> _DATA EXTRACTS_:
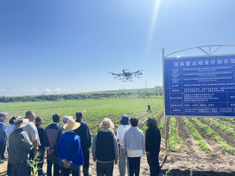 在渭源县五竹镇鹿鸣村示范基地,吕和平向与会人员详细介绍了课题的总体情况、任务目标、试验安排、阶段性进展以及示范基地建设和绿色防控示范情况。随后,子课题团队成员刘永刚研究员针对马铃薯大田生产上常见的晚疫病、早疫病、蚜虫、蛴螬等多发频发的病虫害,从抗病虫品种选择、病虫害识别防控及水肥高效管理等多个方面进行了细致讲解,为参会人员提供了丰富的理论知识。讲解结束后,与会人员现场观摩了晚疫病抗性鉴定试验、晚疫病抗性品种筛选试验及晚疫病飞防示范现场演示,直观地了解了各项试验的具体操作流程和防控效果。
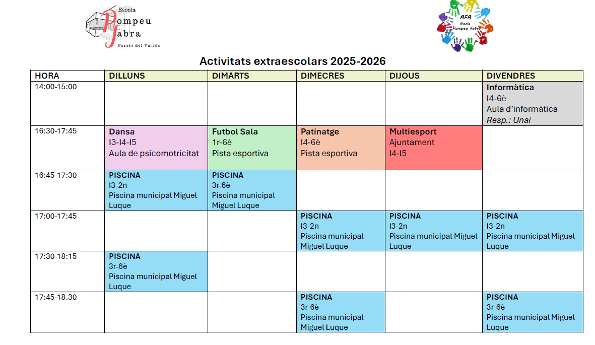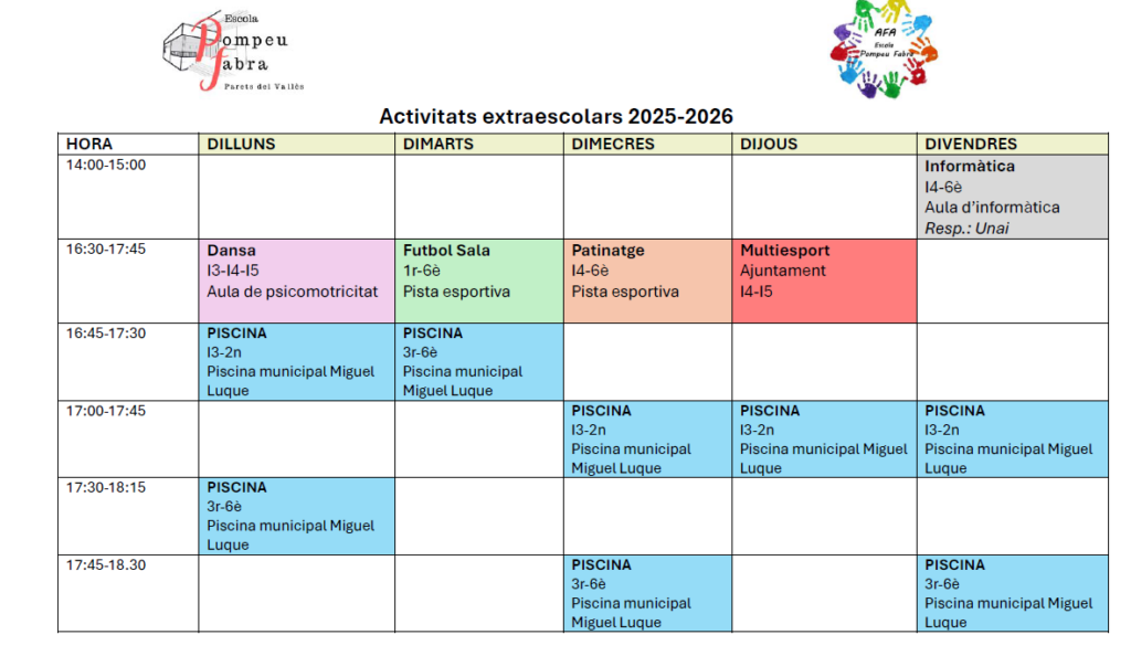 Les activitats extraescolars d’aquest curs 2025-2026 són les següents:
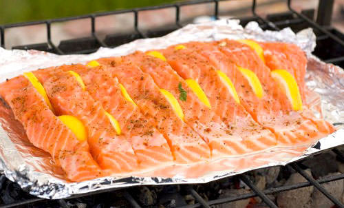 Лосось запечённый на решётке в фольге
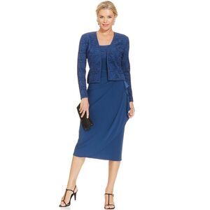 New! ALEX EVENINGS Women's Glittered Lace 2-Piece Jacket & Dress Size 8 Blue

==

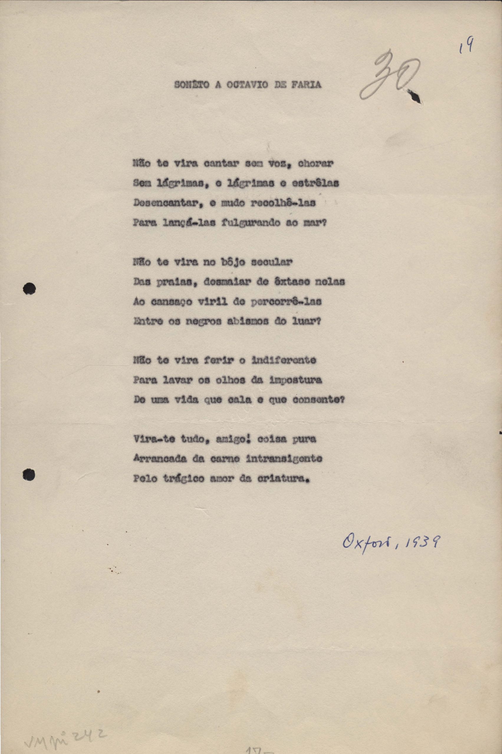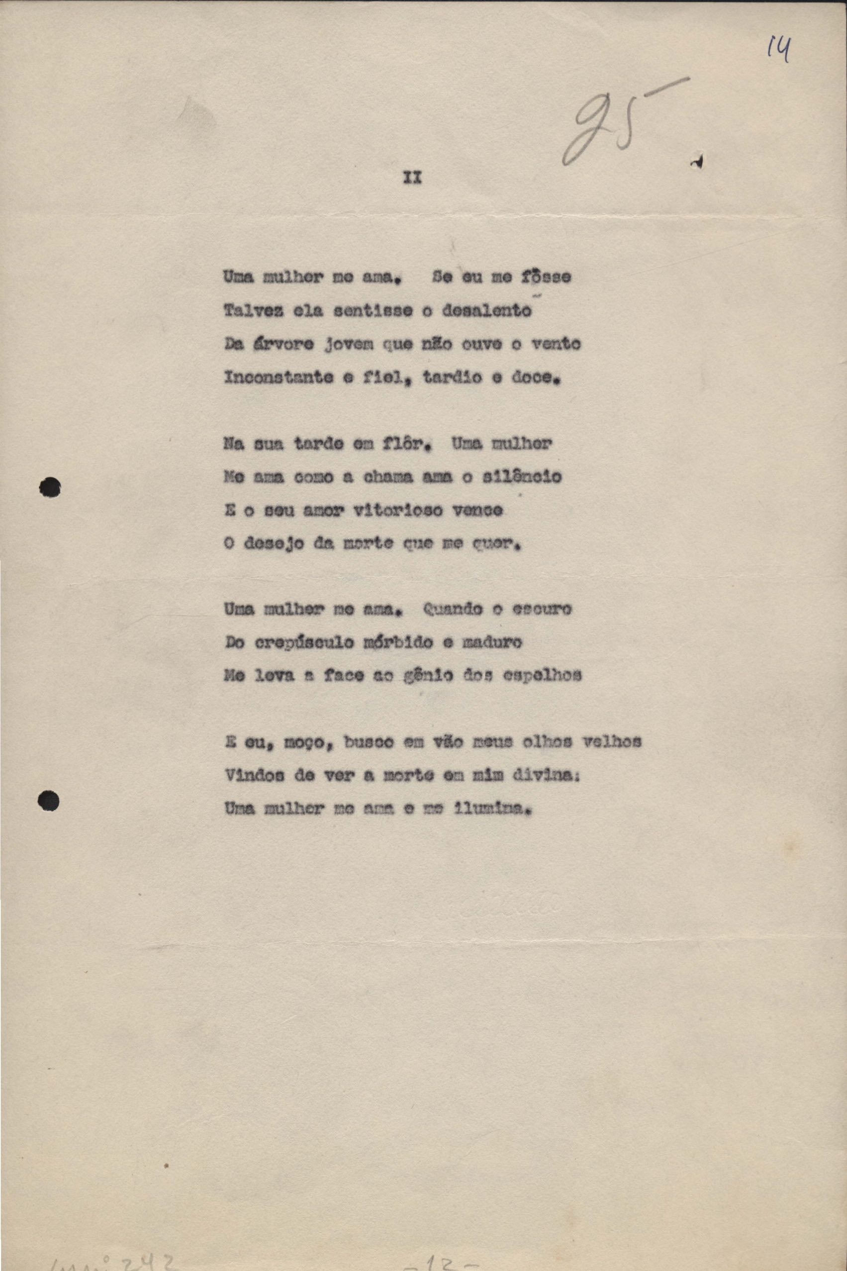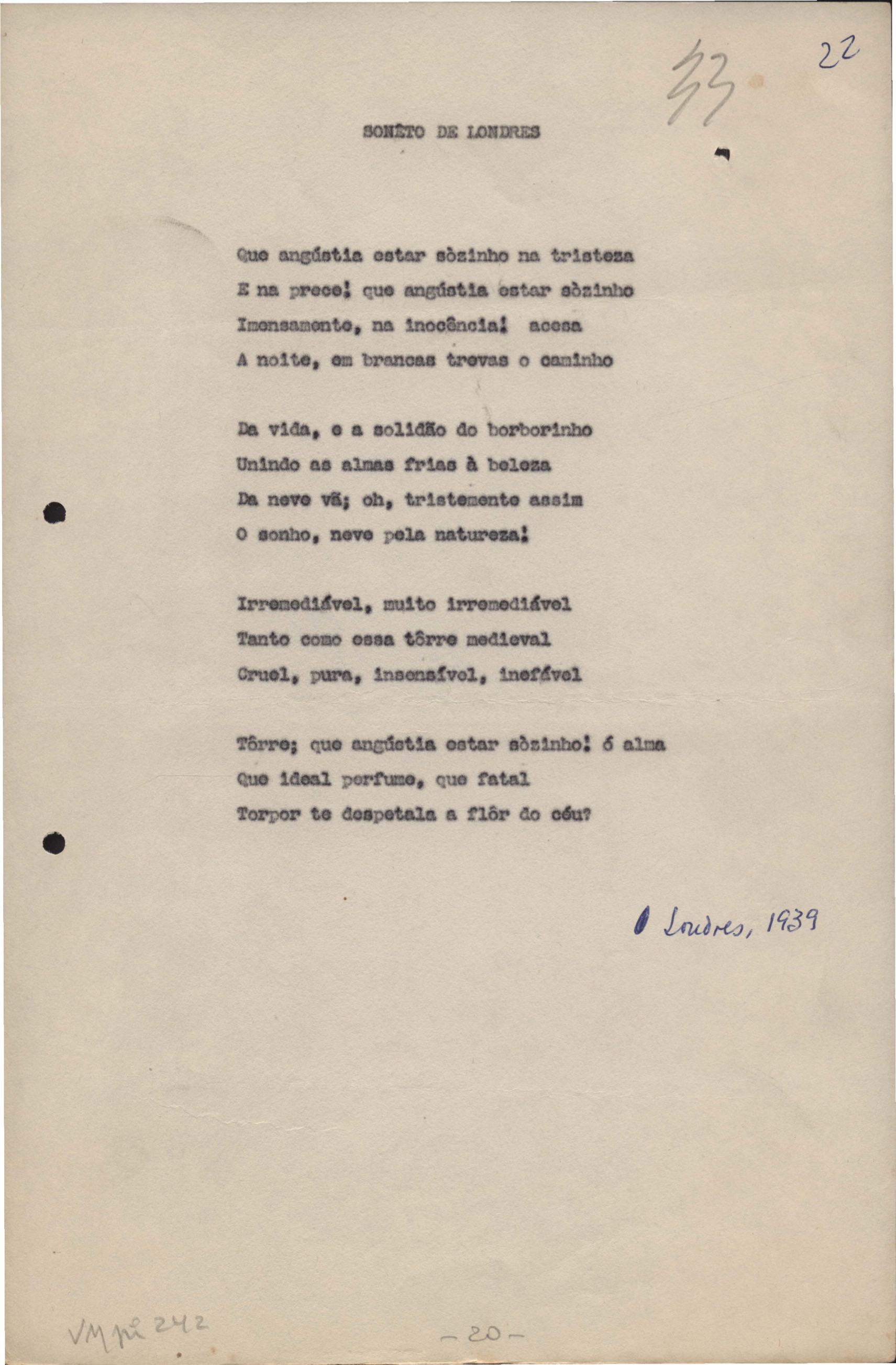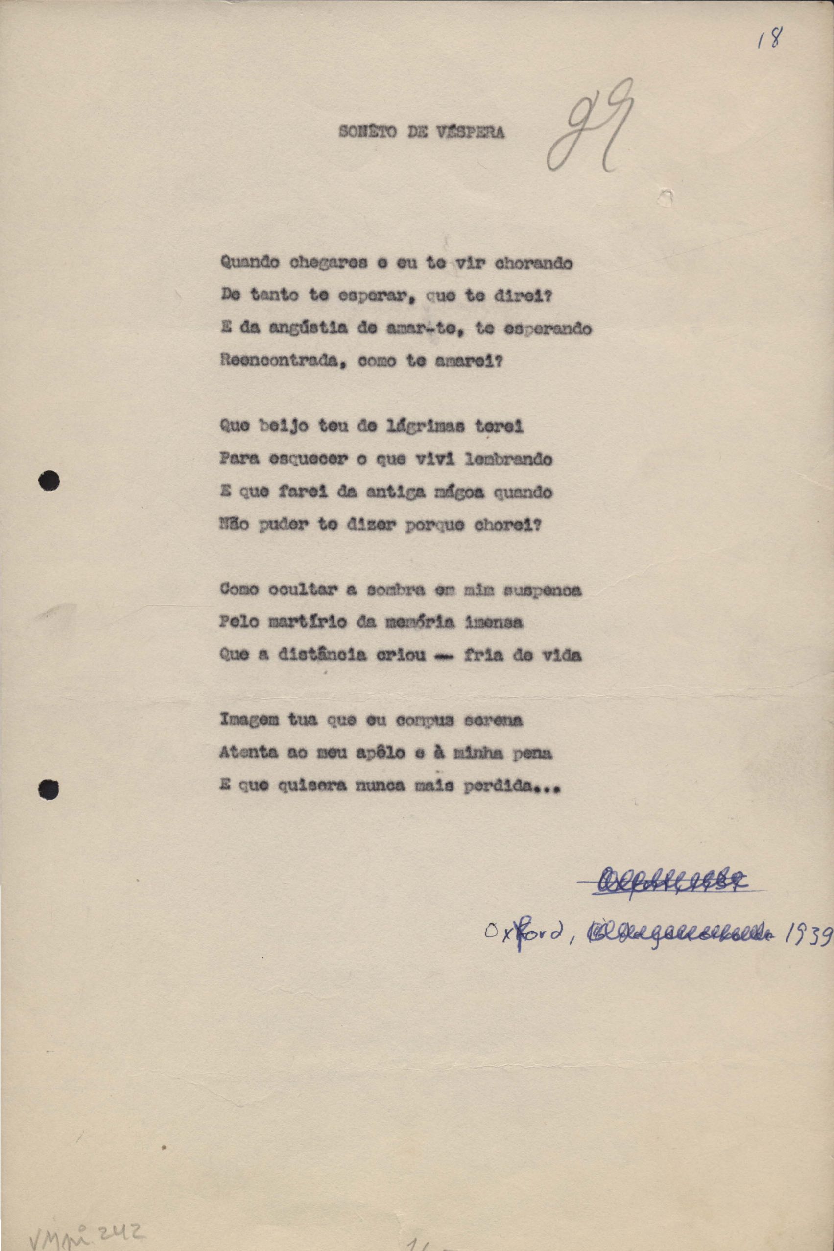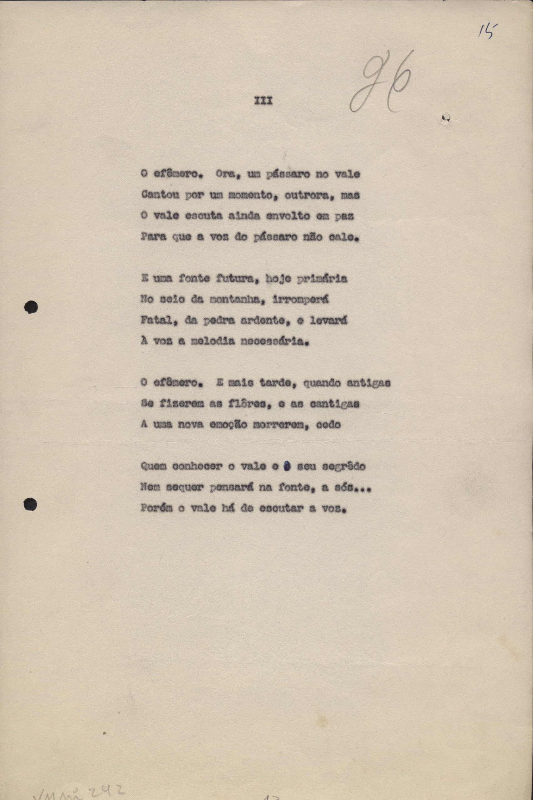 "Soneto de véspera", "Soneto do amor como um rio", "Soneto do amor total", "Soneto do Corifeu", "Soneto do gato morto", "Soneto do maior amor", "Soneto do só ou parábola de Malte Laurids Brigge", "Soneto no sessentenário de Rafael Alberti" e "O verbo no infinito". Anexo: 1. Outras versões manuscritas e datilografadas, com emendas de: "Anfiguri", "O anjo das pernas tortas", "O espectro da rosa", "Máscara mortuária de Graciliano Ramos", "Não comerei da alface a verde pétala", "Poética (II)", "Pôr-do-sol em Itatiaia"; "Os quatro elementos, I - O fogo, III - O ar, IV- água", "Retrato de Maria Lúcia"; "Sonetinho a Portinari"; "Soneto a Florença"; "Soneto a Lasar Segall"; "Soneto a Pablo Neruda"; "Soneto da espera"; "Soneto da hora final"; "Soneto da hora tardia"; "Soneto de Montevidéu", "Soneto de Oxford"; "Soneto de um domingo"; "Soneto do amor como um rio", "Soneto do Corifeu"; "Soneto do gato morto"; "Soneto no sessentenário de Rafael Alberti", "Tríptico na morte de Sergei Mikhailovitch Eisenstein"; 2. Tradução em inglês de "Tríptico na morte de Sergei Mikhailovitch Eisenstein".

> _WHAT YOU HAVE TO DO_: Starting at the line above that has "在渭源县五竹镇鹿鸣村示范基地" and ending at the line that has "New! ALEX EVENINGS", copy each line exactly, leaving the pictures out and adding nothing.

> _RESPONSE_:
 在渭源县五竹镇鹿鸣村示范基地,吕和平向与会人员详细介绍了课题的总体情况、任务目标、试验安排、阶段性进展以及示范基地建设和绿色防控示范情况。随后,子课题团队成员刘永刚研究员针对马铃薯大田生产上常见的晚疫病、早疫病、蚜虫、蛴螬等多发频发的病虫害,从抗病虫品种选择、病虫害识别防控及水肥高效管理等多个方面进行了细致讲解,为参会人员提供了丰富的理论知识。讲解结束后,与会人员现场观摩了晚疫病抗性鉴定试验、晚疫病抗性品种筛选试验及晚疫病飞防示范现场演示,直观地了解了各项试验的具体操作流程和防控效果。
 Les activitats extraescolars d’aquest curs 2025-2026 són les següents:
 Лосось запечённый на решётке в фольге
 New! ALEX EVENINGS Women's Glittered Lace 2-Piece Jacket & Dress Size 8 Blue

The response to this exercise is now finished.